May 10, 2010 under CANR News

The Sussex County Master Gardeners are pleased to announce the dates of several events to be held in their Demonstration Garden this spring and summer.  The garden is located behind the county Extension office, 16483 County Seat Highway (Route 9), Georgetown, Del., approximately ¼ miles west of Sussex Tech High School. All events are free to the public.

Garden Walks will be held on Thursday, May 13, 2010 at 7 p.m. and on Thursday, June 24, 2010 at 7p.m.    In addition to enjoying the garden, a number of Master Gardeners will be available to provide information and help on a wide variety of gardening topics including:  lawns, vegetable gardens, perennial gardens, shrubs and insects. 
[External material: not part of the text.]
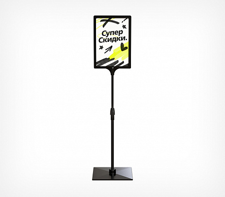 Подставка пластиковая «Квадрат» для размещения напольных и настольных информационных стоек на телескопических трубках, рамок форматов А-4 и А5 в местах продаж. Применяется с трубками Ø 12 мм, длиной до 550 мм.

The Master Gardeners Annual Open House will be held on Saturday, July 17, 2010, from 10 a.m. to 2 p.m.  This ‘Day in the Garden’ event features, in addition to the garden, information stations on a number of gardening subjects, a plant clinic, activities in the Children’s Garden, and a plant sale.  Details of this event will be available on the website in June.            
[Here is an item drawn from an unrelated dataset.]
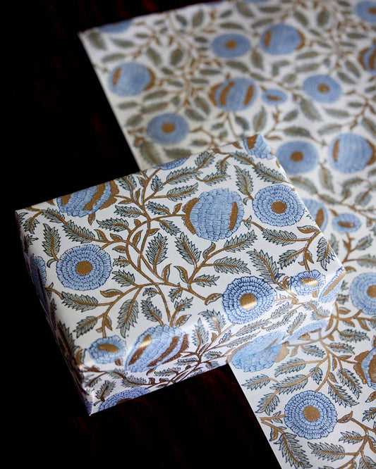 Marigold Glitz Blue Stone Block Printed Wrapping Paper Sheets

The Sussex County Master Gardeners are the volunteer arm of Delaware Cooperative Extension for both the University of Delaware and Delaware State University. It is the policy of the Delaware Cooperative Extension System that no person shall be subjected to discrimination on the grounds of race, color, sex, disability, age or national origin. Delaware Cooperative Extension welcomes and encourages participation of all individuals.  If a member of the public has special needs that need to be accommodated, please contact the office two weeks prior to the event at 302-856-7303.